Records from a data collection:
===

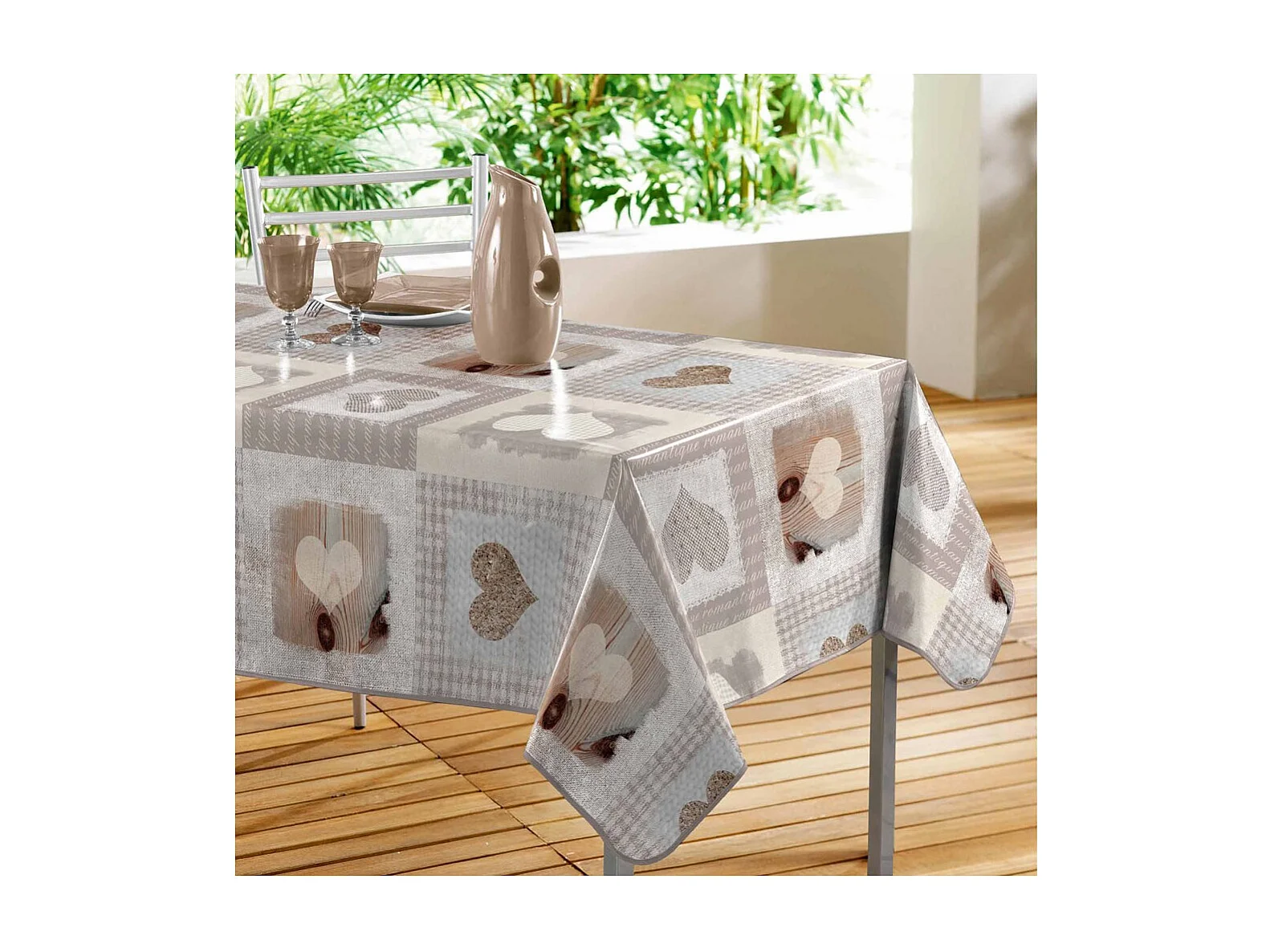 Nappe Toile Cirée "Cosy Coeur" 140x240cm Gris
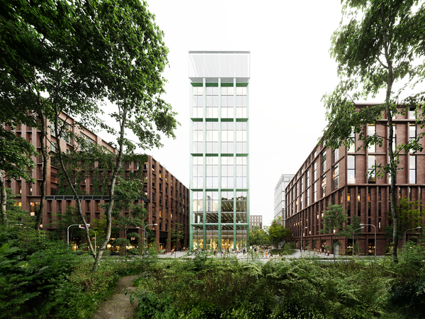 Und dass Abriss und Neubau CO₂ freisetzen? „Wir hätten ihn auch umgenutzt“, sagt Keßels, „aber das Gebäude ist zu tief, die Belichtungssituation problematisch.“ Überhaupt: „Trotz der getönten Glasfassade heizt sich das Gebäude auf, deshalb hat es eine große Klimaanlage auf dem Dach. Das ist eine Energieschleuder.“
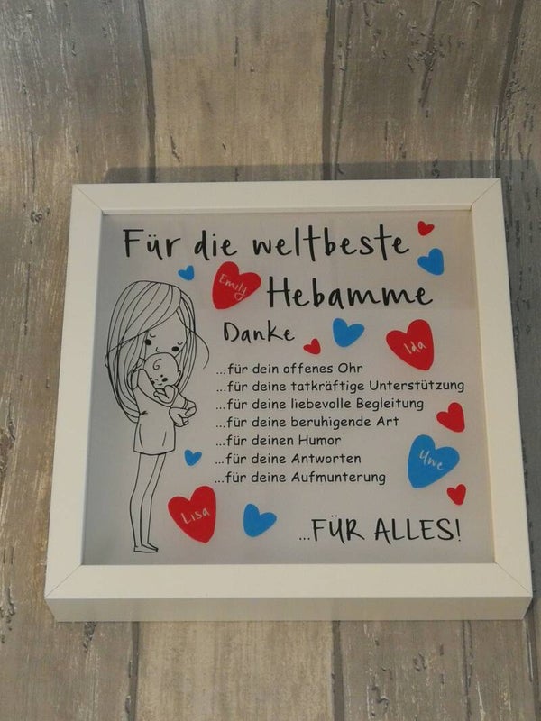 Dieser liebevoll gestaltete Bilderrahmen im stilvollen weißen Rahmen ist das perfekte Geschenk für die Beste Hebamme.
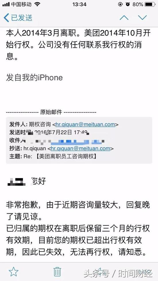 曾任美团徐州站销售主管的余海告诉时间财经,他在离职后向美团咨询期权问题时被告知,公司曾邮件发送到他的工作邮箱通知行权,如今有效期已过。因为离职后工作邮箱已经注销,余海要求对方拿住已发送通知行权邮件的证据,但对方未予理睬。
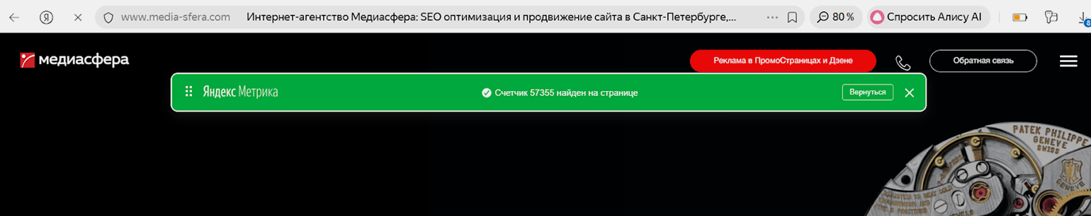 После этого откроется сайт и, если счётчик размещён корректно, появится соответствующее сообщение. Если счётчик не установлен или установлен с ошибкой, всплывающего окна не будет.
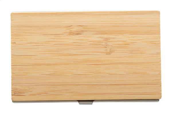 Metalowy wizytownik pokryty bambusem. Description: Metalowy wizytownik pokryty bambusem. Primary Color: naturalny Material 2: Metal Material 1: Bambus Rozmiar: 94×58×9 mm
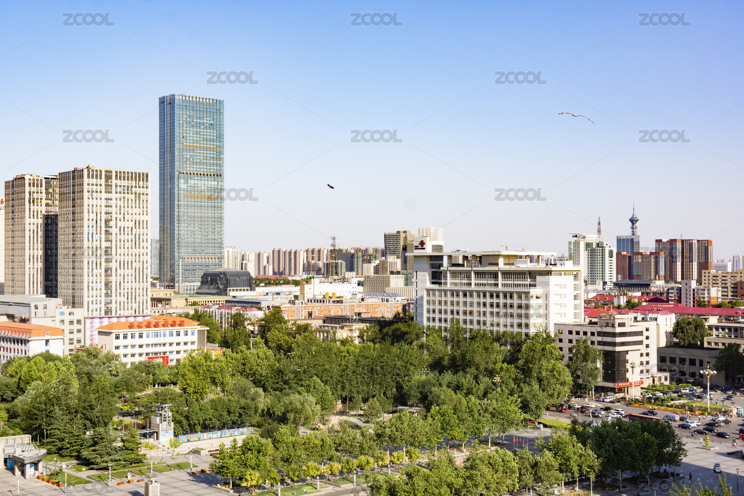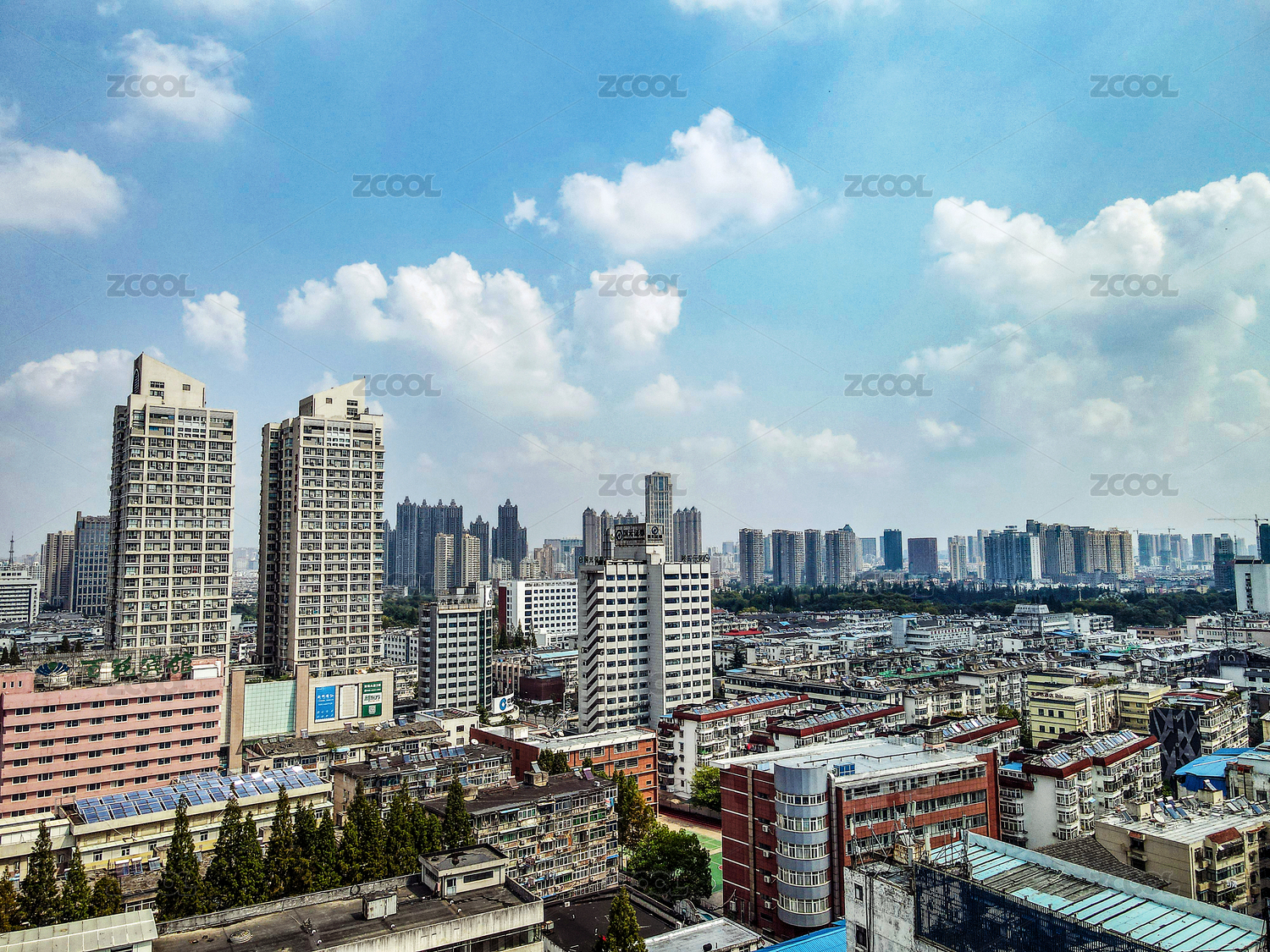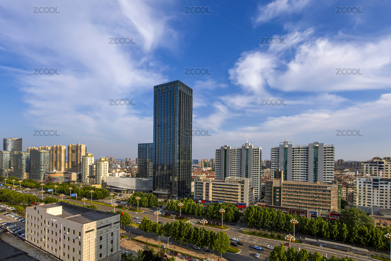 淄博,张店区,老城,中心城区,夏日,蓝天白云,低矮,居民楼,风光,城市
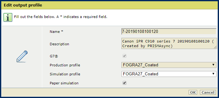 • [Papiersimulatie]: hier wordt aangegeven of papiersimulatie wordt gebruikt voor een samengesteld uitvoerprofiel.
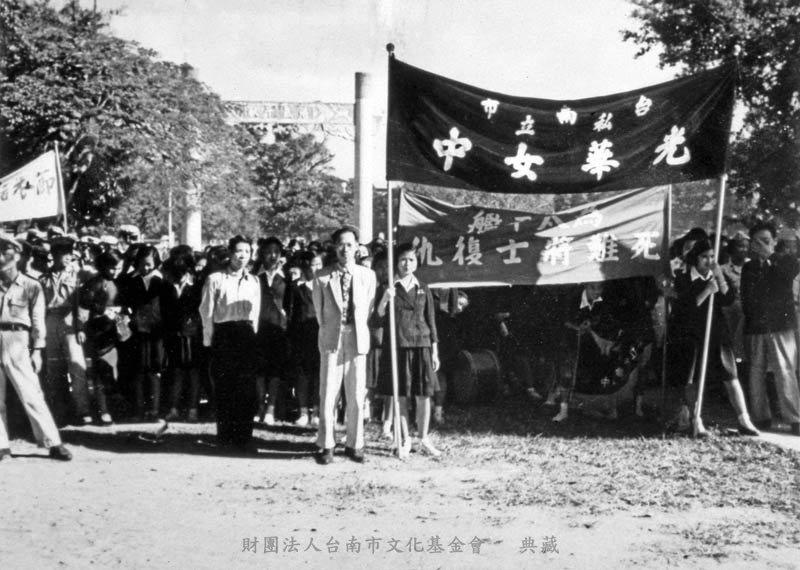 1954年8月,中共在福建沿海佈下重兵和大量船隻,9月3日並向金門發動猛烈炮擊。11月13日,我海軍太平鑑在大陳島附近巡戈時,遭中共艦艇擊沈,台南工學院學生隨即發起獻艦復仇運動。 這是光華女中和各學校學生,在忠烈祠前參加這項活動的照片。那個月底,美國把首批F–86軍刀式噴射機移交給我軍,但兩個月不到,也就是1955年1月20日,一江山的720名守軍就全部陣亡了。(撰文:詹伯望)

===

→ **Aim of the exercise**: Nothing but the lines from the one containing "Und dass Abriss" to the last line of the records should be returned, exactly as they appear and without pictures.

→ **Answer to this problem**:
 Und dass Abriss und Neubau CO₂ freisetzen? „Wir hätten ihn auch umgenutzt“, sagt Keßels, „aber das Gebäude ist zu tief, die Belichtungssituation problematisch.“ Überhaupt: „Trotz der getönten Glasfassade heizt sich das Gebäude auf, deshalb hat es eine große Klimaanlage auf dem Dach. Das ist eine Energieschleuder.“
 Dieser liebevoll gestaltete Bilderrahmen im stilvollen weißen Rahmen ist das perfekte Geschenk für die Beste Hebamme.
 曾任美团徐州站销售主管的余海告诉时间财经,他在离职后向美团咨询期权问题时被告知,公司曾邮件发送到他的工作邮箱通知行权,如今有效期已过。因为离职后工作邮箱已经注销,余海要求对方拿住已发送通知行权邮件的证据,但对方未予理睬。
 После этого откроется сайт и, если счётчик размещён корректно, появится соответствующее сообщение. Если счётчик не установлен или установлен с ошибкой, всплывающего окна не будет.
 Metalowy wizytownik pokryty bambusem. Description: Metalowy wizytownik pokryty bambusem. Primary Color: naturalny Material 2: Metal Material 1: Bambus Rozmiar: 94×58×9 mm
 淄博,张店区,老城,中心城区,夏日,蓝天白云,低矮,居民楼,风光,城市
 • [Papiersimulatie]: hier wordt aangegeven of papiersimulatie wordt gebruikt voor een samengesteld uitvoerprofiel.
 1954年8月,中共在福建沿海佈下重兵和大量船隻,9月3日並向金門發動猛烈炮擊。11月13日,我海軍太平鑑在大陳島附近巡戈時,遭中共艦艇擊沈,台南工學院學生隨即發起獻艦復仇運動。 這是光華女中和各學校學生,在忠烈祠前參加這項活動的照片。那個月底,美國把首批F–86軍刀式噴射機移交給我軍,但兩個月不到,也就是1955年1月20日,一江山的720名守軍就全部陣亡了。(撰文:詹伯望)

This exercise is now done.